* Task item: An exact copy of the lines, starting at the top of the listing and ending with the line that has "Soulignons que c'est", is the required answer. Pictures are not part of it.

* Data to process:
---
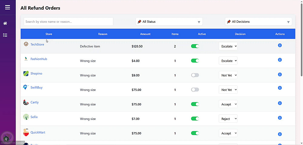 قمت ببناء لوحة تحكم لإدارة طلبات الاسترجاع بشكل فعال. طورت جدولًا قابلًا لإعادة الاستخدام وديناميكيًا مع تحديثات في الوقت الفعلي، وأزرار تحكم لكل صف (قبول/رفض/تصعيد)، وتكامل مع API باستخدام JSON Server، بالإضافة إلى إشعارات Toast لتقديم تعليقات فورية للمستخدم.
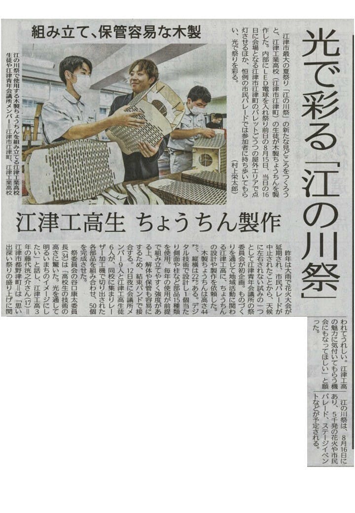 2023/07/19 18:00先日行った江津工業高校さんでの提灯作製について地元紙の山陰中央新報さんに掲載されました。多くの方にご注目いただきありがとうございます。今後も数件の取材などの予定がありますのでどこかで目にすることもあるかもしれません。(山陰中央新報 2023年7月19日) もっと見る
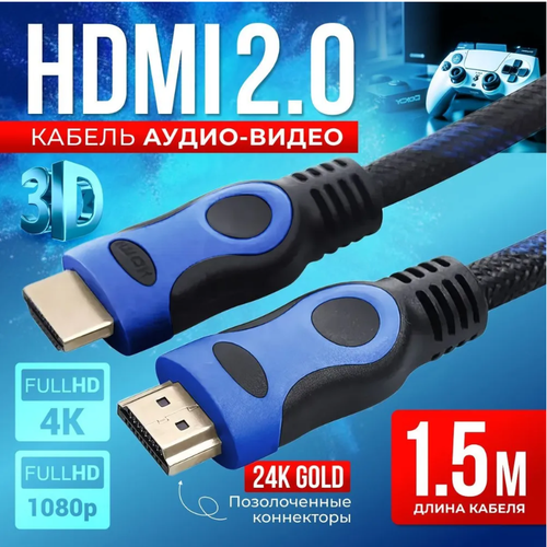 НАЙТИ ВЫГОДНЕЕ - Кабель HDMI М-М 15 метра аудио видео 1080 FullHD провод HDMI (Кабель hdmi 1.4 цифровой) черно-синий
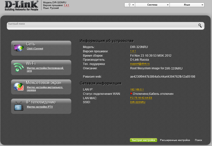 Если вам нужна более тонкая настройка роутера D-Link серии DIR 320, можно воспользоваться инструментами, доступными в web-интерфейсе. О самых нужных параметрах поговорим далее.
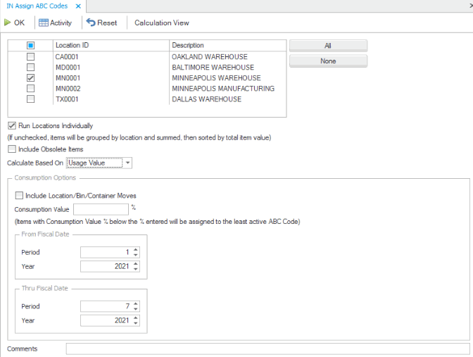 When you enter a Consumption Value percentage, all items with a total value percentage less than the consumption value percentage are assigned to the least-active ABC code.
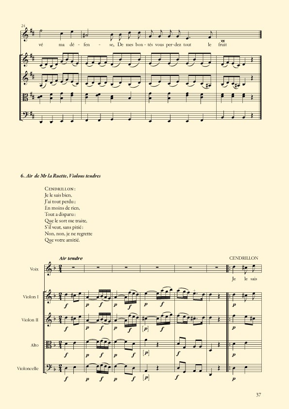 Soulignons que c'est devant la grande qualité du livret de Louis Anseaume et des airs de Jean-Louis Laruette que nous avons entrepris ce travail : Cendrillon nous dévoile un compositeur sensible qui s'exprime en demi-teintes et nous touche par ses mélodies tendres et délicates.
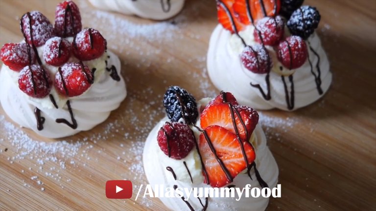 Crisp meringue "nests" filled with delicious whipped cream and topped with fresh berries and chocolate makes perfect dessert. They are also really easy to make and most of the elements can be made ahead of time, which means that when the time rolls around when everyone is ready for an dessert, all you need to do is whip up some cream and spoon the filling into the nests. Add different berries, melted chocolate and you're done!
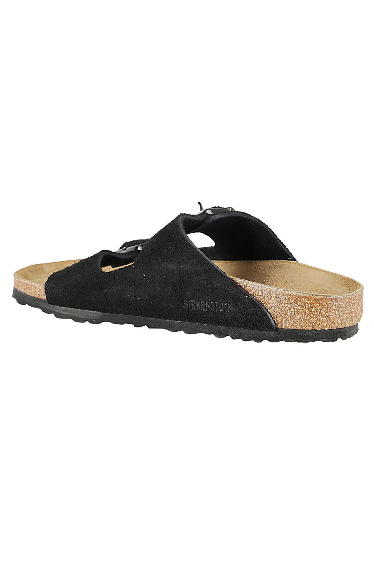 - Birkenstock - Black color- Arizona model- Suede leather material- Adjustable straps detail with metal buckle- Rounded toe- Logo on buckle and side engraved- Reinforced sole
---
* The answer:
 قمت ببناء لوحة تحكم لإدارة طلبات الاسترجاع بشكل فعال. طورت جدولًا قابلًا لإعادة الاستخدام وديناميكيًا مع تحديثات في الوقت الفعلي، وأزرار تحكم لكل صف (قبول/رفض/تصعيد)، وتكامل مع API باستخدام JSON Server، بالإضافة إلى إشعارات Toast لتقديم تعليقات فورية للمستخدم.
 2023/07/19 18:00先日行った江津工業高校さんでの提灯作製について地元紙の山陰中央新報さんに掲載されました。多くの方にご注目いただきありがとうございます。今後も数件の取材などの予定がありますのでどこかで目にすることもあるかもしれません。(山陰中央新報 2023年7月19日) もっと見る
 НАЙТИ ВЫГОДНЕЕ - Кабель HDMI М-М 15 метра аудио видео 1080 FullHD провод HDMI (Кабель hdmi 1.4 цифровой) черно-синий
 Если вам нужна более тонкая настройка роутера D-Link серии DIR 320, можно воспользоваться инструментами, доступными в web-интерфейсе. О самых нужных параметрах поговорим далее.
 When you enter a Consumption Value percentage, all items with a total value percentage less than the consumption value percentage are assigned to the least-active ABC code.
 Soulignons que c'est devant la grande qualité du livret de Louis Anseaume et des airs de Jean-Louis Laruette que nous avons entrepris ce travail : Cendrillon nous dévoile un compositeur sensible qui s'exprime en demi-teintes et nous touche par ses mélodies tendres et délicates.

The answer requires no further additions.